The Register Citizen (Torrington, CT)
Purdue Pharma deal approved by 95 percent of creditors
CT still opposed, Tong says
STAMFORD — OxyContin maker Purdue Pharma’s settlement plan has gained the support of about 95 percent of voting creditors in its bankruptcy, according to preliminary results released this week — but Connecticut still opposes the proposal.
Among approximately 120,000 creditor votes, 97 percent of nearly 4,800 local and state government creditors voted to “confirm” Stamford-based Purdue’s plan. Other creditor groups accepted at rates between 88 percent and 100 percent. About 40 state attorneys general now back Purdue’s proposal after 15 who had formerly opposed it announced earlier this month that they would sign on following additional concessions made by the company and its owners.
“This is an unprecedented expression of support for a restructuring of this size and complexity in favor of a plan that will provide needed resources to those affected by the opioid crisis,” Purdue Chairman Steve Miller said in a statement. “The preliminary voting results demonstrate a broad consensus among every organized creditor group in these proceedings, and we will continue to work for even greater consensus ahead of the confirmation hearings.”
Purdue expects to make public the final voting results by Aug. 2, but said it does not expect the tally to change “materially” from the preliminary numbers. The votes were calculated by PrimeClerk, Purdue’s courtauthorized “solicitation and balloting agent.”
Also known as a plan of reorganization, Purdue’s settlement plan is not a done deal. It will next face a review by Judge Robert Drain during an Aug. 9 confirmation hearing.
Purdue values its proposal at more than $10 billion. It would resolve several thousand local and state governments’ lawsuits alleging that the firm fueled the opioid crisis with deceptive OxyContin marketing. Despite its settlement offer, the company denies those complaints’ accusations.
Connecticut Attorney General William Tong still vehemently opposes the plan. Connecticut joined California, Delaware, Maryland, New Hampshire, Oregon, Rhode Island, Washington and the District of Columbia in voting against Purdue’s proposal.
Those states’ attorneys general have said that Purdue’s proposed settlement amount is too low. They also oppose the prospective release of the Sackler family members who own the company from pending and potential claims.

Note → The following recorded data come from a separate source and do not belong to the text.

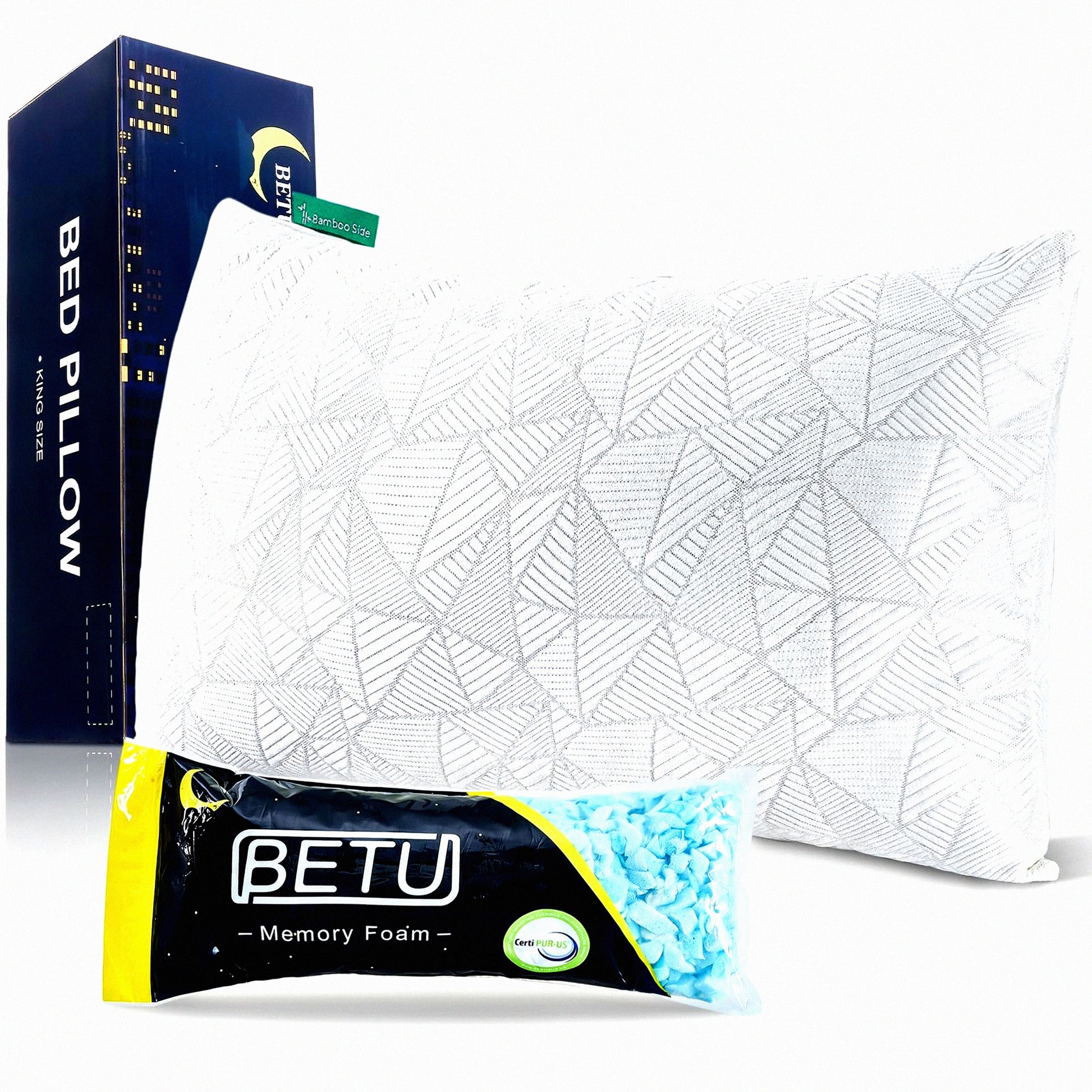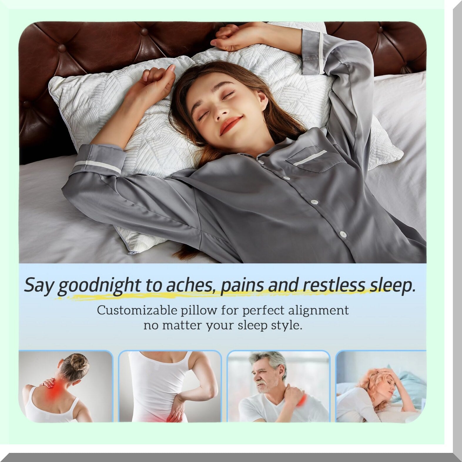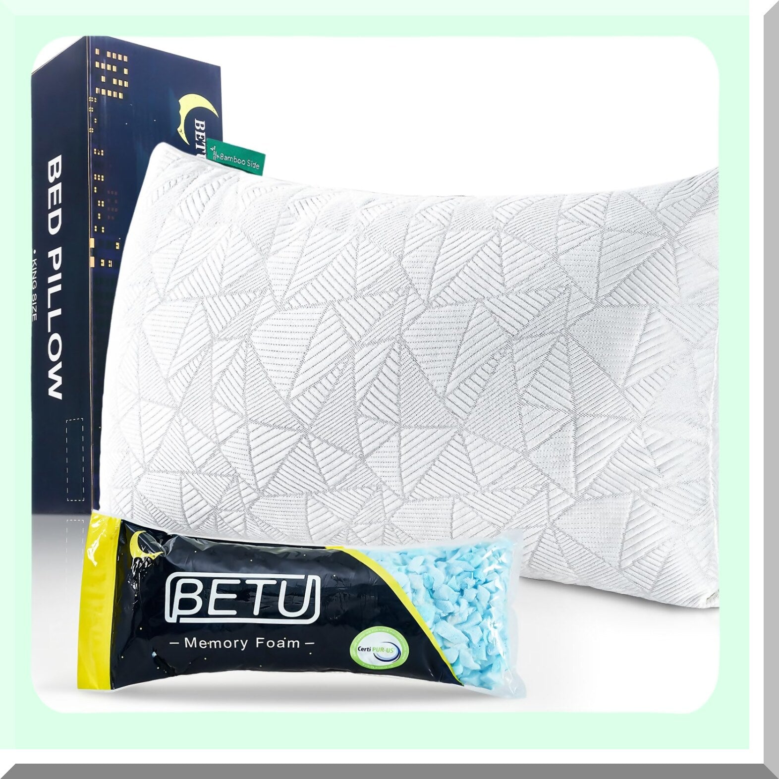 Cooling Comfort Memory Foam Pillow - Queen Size Bamboo Adjustable Bed Pillow for Hot Sleepers. Ideal for Back Pain, Neck & Side Sleepers. Cooling Gel Infused CertiPUR-US Foam.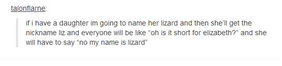 Can you just imagine for a second? This little girl is in 5th grade and she introduces herself to another girl in her class. The girl responds, "Oh Liz, that's a pretty name, is it short for Elizabeth?" and Liz responds, "No. It's short for Lizard, yeah I've asked and apparently my parents don't hate me." I just--God it's just so funny. "Hi my name is FREAKING LIZARD."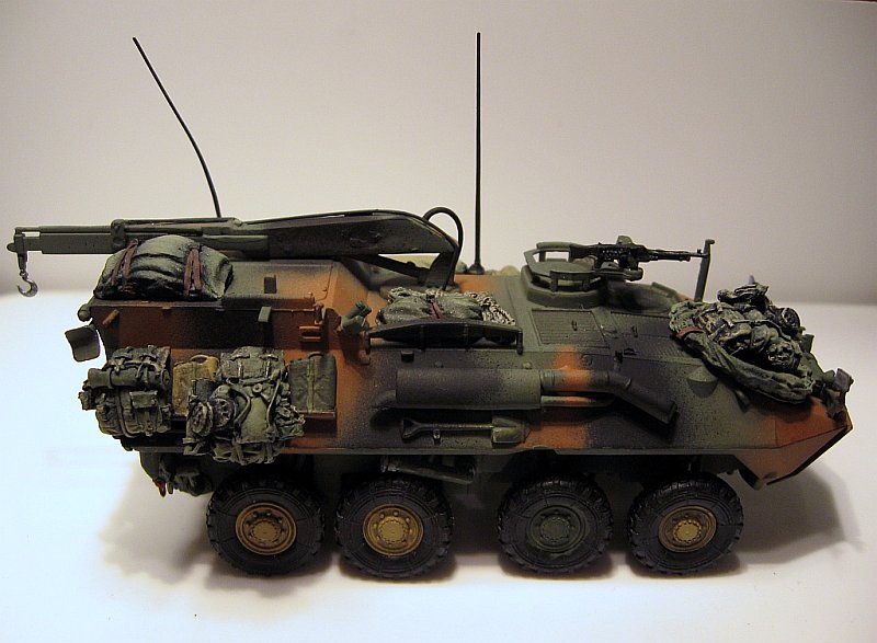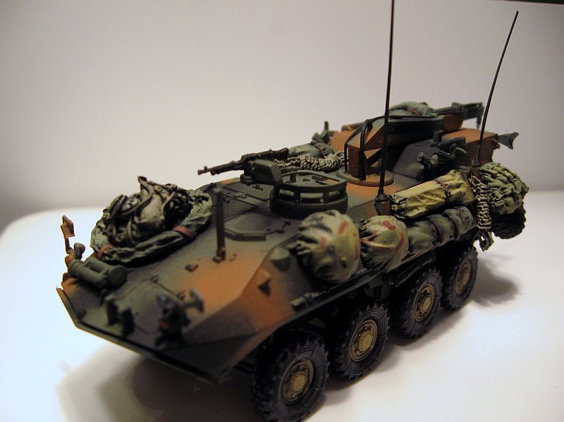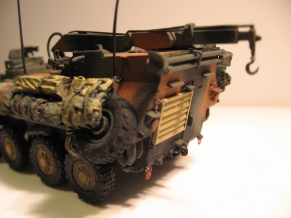I airbrushed a 3 color scheme using the box cover as a guide. I used Life-like colors which are dead flat, and PollyS Army/Marines Gulf tan for the sand color. Then, for the lived in look, I used the Black Dog LAV-25 resin accessory set. Everything in the set was used except one long roll and the large “clump” of gear that is meant to go on the LAV-25 turret. I weathered the wheels with Gunze Hemp and made small streaks on the vehicle with the same color. Most of the decals would have been covered up with the gear, so I left them all off.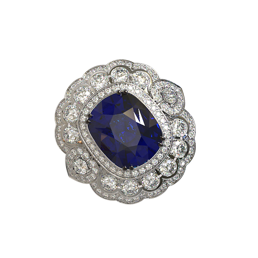 Роскошное кольцо из белого золота 585 пробы станет центральным акцентом вашего образа. Изделие из коллекции De Luxe Бриллианты — Classic завораживает своим дизайном: в центре композиции расположен крупный сапфир синего цвета огранки кушон, который создает глубокий и насыщенный контраст с благородным металлом. Величественный образ дополняют 151 вставка из бриллиантов круглой формы белого цвета, искусно обрамляющие центральный камень и создающие великолепное сияние при каждом движении.

In addition, they have expressed concerns about a possible conflict of interest related to the company’s plan to convert itself into a “public benefit” company focused on using its funds to tackle the opioid crisis. They have instead called for Purdue’s assets to be sold to private buyers.
“This vote does not change the fact that this deal is insufficient and inadequate and not good for Connecticut,” Tong said in a statement Tuesday. “We will not consent to a plan that seeks to strong-arm us into releasing our claims against the Sacklers and allowing them to walk away with their wealth intact while victims of the opioid epidemic and their families suffer and grieve. I remain firmly opposed and will continue to fight until all viable options are exhausted.”
Tong has not ruled out eventually reaching an agreement with Purdue, but he has frequently criticized the company’s negotiating strategy.
“I haven’t seen a willingness on their part to do anything meaningful,” Tong said at a news conference Monday at the state Capitol. “When I see that, they can give me a call.”
In a landmark deal separate from the Purdue bankruptcy, Connecticut agreed last week to join a $26 billion national settlement with pharmaceutical distributing giants AmeriSourceBergen, Cardinal Health and McKesson and drugmaker Johnson & Johnson — a pact that would resolve local and state governments’ claims that those companies’ operations worsened the opioid crisis.
Connecticut expects to receive about $300 million from the settlement with those four companies, with the funds to be solely focused on the opioid epidemic. Last year, 1,273 people in Connecticut died from opioid-involved overdoses, up 13 percent from 2019.
“There will never be enough money and never enough justice for victims,” Tong said at the press conference. “But $26 billion represents a real investment in fighting the opioid and addiction crisis. It is an acknowledgment by those four companies of their responsibility to do something really meaningful.”